FIG. 14 is a flowchart of a process of a second engine speed control at engine start, which is executed in an interrupt routine.

FIG. 15 is a schematic configuration diagram of a control device for an internal combustion engine having an electrically heated catalyst device according to a conventional technique.

FIG. 16 is a time chart showing engine speed control according to a conventional technique.

[Explanation of symbols]

 1, 21 ... Internal combustion engine 2 ... Generator (alternator) 3 ... Intake amount varying means (ISC) 4 ... Electric heating type catalyst device (EHC) 5 ... Control device (ECU) 6 ... EHC active state judging means (activity judging means) 7 ... Power generation amount varying means (regulator) 8 ... Battery 9, 19 ... Power supply switching means (control relay)

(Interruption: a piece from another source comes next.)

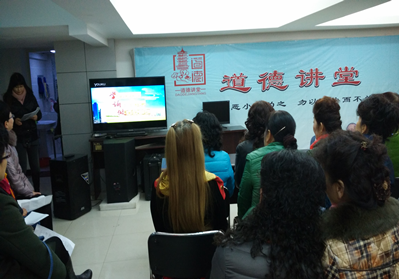 我们中华民族自古以来就是“礼仪之邦”,光辉灿烂的中华文化经过了五千年的沉淀,不断凝结、升华而培育了伟大的民族精神,形成了强大的民族凝聚力、创新力。在建设社会主义核心价值体系的当下,中华优秀文化蕴含的人生智慧、价值观念、道德理想、人生追求、情操境界以及对世界感知的方式,为我们提供了丰富的精神文化资源。2014年12月1日上午,航空社区举办主题为“弘扬凡人善举,传递道德力量”的道德讲堂活动,辖区内48位居民参与了活动。

─────────────────────────────────────────────────── ─── Continuation of front page (51) Int.Cl. ⁶ Identification code Internal reference number FI Technical display location F02D 41/04 ZAB 9523-3G F02D 41/04 ZAB 315 315 H02P 9/04 H02P 9/04 J 9 / 14 9/14 F

Claims (3)

[Claims] 1. A generator driven by an internal combustion engine, a battery charged by the generator, engine speed varying means for varying the engine speed of the internal combustion engine, and electric power from the generator or the battery. An electrically heated catalyst that is supplied with, and a power generation amount varying means that varies the power generation amount of the generator,
In an internal-combustion engine control device having an electrically heated catalyst device provided with, while increasing the engine speed by the engine speed variable means while supplying electric power to the electrically heated catalyst, the power generation amount variable A control device for an internal combustion engine having an electrically heated catalyst device, characterized in that the amount of power generated by the generator is increased by means. 2. The power generation amount varying means varies the power generation amount of the generator by varying the field amount of the generator, and the control device for the internal combustion engine increases the intake air amount of the internal combustion engine. The control device for an internal combustion engine having an electrically heated catalyst device according to claim 1, wherein the start of increasing the field amount of the generator is delayed by a predetermined time from the start. 3. The power generation amount changing means changes the power generation amount of the generator by changing the field amount of the generator, and the control device of the internal combustion engine increases the intake air amount of the internal combustion engine. And a control device for an internal combustion engine having an electrically heated catalyst device according to claim 1 or 2, wherein the field amount of the generator is gradually increased.